Moon mystery: China’s Chang’e-4 rover discovers ‘gel-like’ substance on far side of Moon

Launched as part of the China’s Chang’e 4 mission the Yutu-2 rover is a pioneering space probe exploring the far side of the Moon. Since landing in January, Yutu-2 has beamed-back detailed images of the desolate lunar surface. Yutu-2 has now made a surprising discovery, detecting an strange substance with a “gel-like” appearance.

The Yutu-2 rover made the surprise encounter during lunar day 8.

The incredible discovery encouraged the Change’e-4 crew to postpone the rover’s original plans.

It will instead focus its instruments on attempting to understand what the mysterious material is.

The rover is assisted by drivers at the Beijing Aerospace Control Center.

Day 8 (July 25 on Earth) saw Yutu-2 navigating a path through an area littered with various small impact craters.

On July 28, the Chang’e-4 team was preparing to power Yutu-2 down for a scheduled midday “nap” to protect the rover from the sun’s scorching temperatures and brutal radiation.

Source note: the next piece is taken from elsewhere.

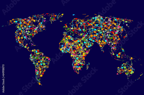 © hibrida, Naklejka premium World map made of abstract colorful dots network

A team member checking images from the rover’s main camera then spotted a small crater appearing to contain substance with a colour and sheen dissimilar to the surrounding lunar environment.

Stunned by the discovery, the drive team called in their lunar scientists.

The teams consequently agreed to postpone Yutu-2’s plans to continue west and instead ordered the rover to examine the mysterious substance.

With the help of obstacle-avoidance cameras, Yutu-2 carefully approached the crater and then targeted the substance described as “gel-like”.

The rover examined both areas with its Visible and Near-Infrared Spectrometer (VNIS), capable of detecting light in way which reveals its makeup.

So far, mission scientists haven’t offered any indication as to the nature of the coloured substance and have said only that it is “gel-like” with an “unusual colour.”

Scientists have speculated one possible explanation, that the substance is melt glass created from meteorites striking the moon’s surface.

There is in fact a precedent for encountering strange soil samples on the lunar surface.

Apollo 17 astronaut Harrison Schmitt spotted orange-coloured regolith near the mission’s Taurus-Littrow landing site in 1972.

Lunar geologists eventually concluded an explosive volcanic eruption 3.64 billion years ago created the orange soil.